2 min read

Give a Hundred to Save a Million Kids? Nah…

Read a great column by Clive Thompson in Wired’s September issue on how big numbers (and lack of numeracy there) affects people’s charity decisions.

He studies a troubling paradox in human empathy: We’ll usually race to help a single stranger in dire straits, while ignoring huge numbers of people in precisely the same plight. We’ll donate thousands of dollars to bring a single African war orphan to the US for lifesaving surgery, but we don’t offer much money or political pressure to stop widespread genocides in Rwanda or Darfur.

The problem isn’t a moral failing: It’s a cognitive one.

Most of us can count to about 7 in an instant. Throw 6 matches on the table and everyone can say instantly that there are 6. Throw 8, and most people will already have to calculate (even if it is a quick 4+4 operation in the back of the head). Throw 83 matches and the answer is “many”.
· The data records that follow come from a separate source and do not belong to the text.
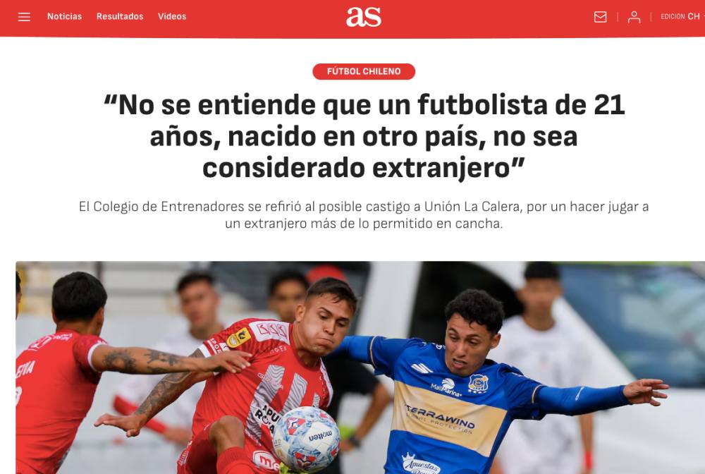 Lo anterior fue replicado por el Diario As Chile, que recalcó el punto de vista del Colegio en torno a lo inexplicable que resulta que un futbolista foraneo de 21 años no sea considerado cupo de extranjero.
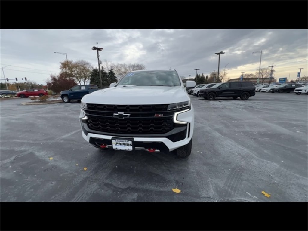 CarBravo Certified, 4WD, Leather Seats, Panoramic Roof, Max Trailering Package, Backup Camera, Pwr Dr Seat, Forward Collision Alert, Navigation, Bose Audio, Lane Departure Warning, Lane Change Alert, Lane Keep Assist, Heated Seats, Heated Steering Wheel, Memory Seating, Power Liftgate, Apple CarPlay, 20" Wheels, Carfax Buyback Guarantee, Tahoe Z71, 4D Sport Utility, EcoTec3 5.3L V8, 10-Speed Automatic with Overdrive, 4WD, Summit White, Jet Black w/Leather-Appointed Seat Trim, 10-Way Power Driver & Passenger Seat Adjusters, 1st & 2nd Row Color-Keyed Carpeted Floor Mats, 2-Speed Active Electronic AutoTrac Transfer Case, 3rd row seats: split-bench, 4-Wheel Disc Brakes, ABS brakes, Advanced Trailering Package, Air Conditioning, AM/FM radio: SiriusXM with 360L, Apple CarPlay/Android Auto, Auto High-beam Headlights, Auto-Dimming Inside Rear-View Mirror, Automatic temperature control, Black Tubular Assist Steps, Bose 9-Speaker Stereo Audio System Feature, Brake assist, Bright Front & Rear Door Sill Plates, Bumpers: body-color, Color-Keyed Carpeting Floor Covering, Compass, Driver & Front Outboard Passenger Airbags, Driver door bin, Driver vanity mirror, Dual front impact airbags, Dual front side impact airbags, Dual-Pane Power Panoramic Sunroof, Electronic Stability Control, Emergency communication system: OnStar and Chevrolet connected services capable, Enhanced Driver Information Center, Extra Capacity Cooling System, Floor Console w/Storage Area, Four wheel independent suspension, Front anti-roll bar, Front Bucket Seats, Front Center Armrest, Front dual zone A/C, Front High-Approach Angle Fascia, Front High-Back Reclining Bucket Seats, Front reading lights, Fully automatic headlights, Garage door transmitter, Hands-Free Rear Power Programmable Liftgate, Heated Driver & Front Passenger Seats, Hill Descent Control, Hitch Guidance w/Hitch View, Illuminated entry, Infotainment Display, Integrated Trailer Brake Controller, Leather-Appointed Seat Trim, LED Daytime Running Lamps, License Plate Front Mounting Package, Low tire pressure warning, Max Trailering Package, Memory seat, Memory Settings for Driver, Navigation System, Occupant sensing airbag, Outside temperature display, Overhead airbag, Overhead console, Passenger door bin, Passenger vanity mirror, Power door mirrors, Power Liftgate, Preferred Equipment Group 2Z7, Premium Smooth Ride Suspension, Radio: Chevrolet Infotainment 3 Premium System, Rain sensing wipers, Rear air conditioning, Rear anti-roll bar, Rear reading lights, Rear seat center armrest, Rear window defroster, Rear window wiper, Red Horizontal-Mounted Recovery Hooks, Remote Start, Security system, SiriusXM Radio w/360L, Smart Trailer Integration Indicator, Speed control, Speed-sensing steering, Spoiler, Steering wheel mounted audio controls, Tachometer, Telescoping steering wheel, Tilt steering wheel, Traction control, Trip computer, Universal Home Remote, Variably intermittent wipers, Voltmeter, Wheels: 20" x 9" Machined Aluminum, Wireless Charging, Wrapped Steering Wheel. 2023 Chevrolet Tahoe Summit White Z71 4D Sport Utility 4WD 10-Speed Automatic with Overdrive 15/20 City/Highway MPG EcoTec3 5.3L V8
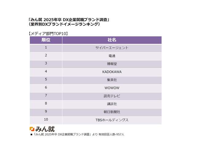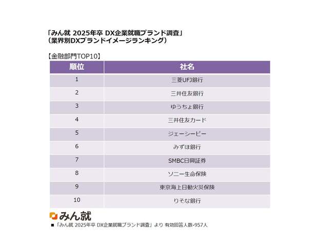 就活生のイメージ調査は正しいのか? 口コミ就職情報サイトを運営するみん就は2024年4月12日、「DX企業就職ブランド調査」の結果を公表した。「メーカー」「金融」「インフラ」「メディア」「不動産」の5業界におけるDXブランドイメージランキングを算出、TOP10をランキング化している。
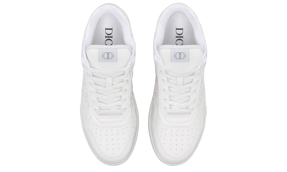 • The low-top B27 sneaker is a new must-have for the House. Made from white grained calfskin, this model is enhanced by tone-on-tone Dior Gravity leather inserts. An expression of the virtuosity of the workshops, the latter presents the iconic Dior Oblique pattern delicately embossed on calfskin. CD Icon eyelets, as well as numerous emblematic details, mark this sneaker on the white rubber sole, on the tongue and at the back. This low-top sneaker will enhance all your favorite outfits.
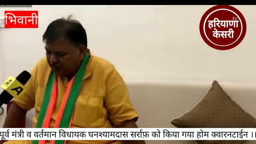 भिवानी: भिवानी विधायक घनश्याम दास सर्राफ़ को किया गया होम क्वारनटाइन ।। सर्राफ़ के निजी सहायक पाए गए कोरोना पॉजिटिव ।।
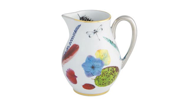 This gorgeous porcelain Christian Lacroix Caribe Milk Jug by Vista Alegre holds up to 13 ounces of milk. Its tropically chic design of ferns, flowers, feathers and fireflies was inspired by the English embroidery that once adorned the petticoats of women living in Salvador da Bahia, Brazil.
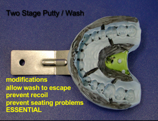 Instead of modifying the tray, we use a plastic bag or other form of space over the putty to take the impression. Then this acts as a ‘custom tray’ place light body throughout the tray and place over prep.
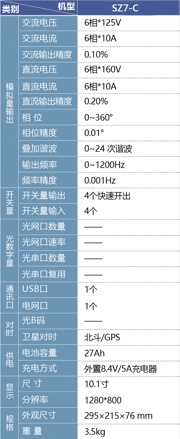 SZ7-C 二次儀表是具備6相電壓6相電流高精度輸出,可輸出高精度可控電流與電壓,主要用于變電站二次系統(tǒng)保護、測控、合并單元、智能終端等設備功能性能測試。該設備支持北斗、GPS、B碼對時,多機同步輸出。
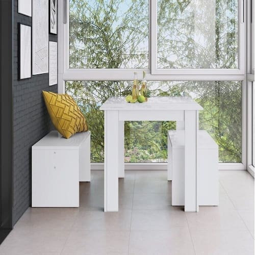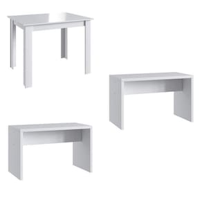 Conjunto Mesa Fixa com 02 Banco 700, CJE11000 da Móveis Canção. Conjunto confeccionado em MDP de alta qualidade proporcionando conforto e beleza para seu lar. Este conjunto pode ser facilmente transportado pelo seus cômodos tornando-o versátil e multiuso. Possui Portas: Não Altura do Conjunto: 75 cm Ambiente: null Ambiente Principal: Sala de Jantar Cor: Branco Informação Complementar: 1x Mesa para Sala de Jantar Fixa 1000x700 Branco Largura: 100 cm Altura: 75 cm Peso: 13,4 kg Profundidade: 70 cm Necessita Montagem: Sim

As a sidenote: if you can’t relate to this, there is a good chance you’re an autist. (Remember Rain Man?)

For some reason, the point Thompson raises about maintaining a grasp of proportion when it comes to large numbers suffering has become more and more visible around us in the recent years:

  • 2,974 people died in the infamous terrorist attacks on 9/11. The retaliation in Iraq has now cost 600,000 lives and counting.
  • People have donated over a million pounds to support finding Madeleine, despite of the controversy surrounding the poor kid’s dissapearal. Wonder how many million-pound funds are there to support the 2.8 million children under 15 with AIDS?
  • As a friend of mine noted, the media coverage as well as his personal feelings were much stronger around Colin McRae’s helicopter crash if compared to the news of 88 people dead in Thai plane crash the same day.

Somehow I think that you don’t really need to be a Bill Gates to optimize your charitable giving to a place where it can fix the most of pain.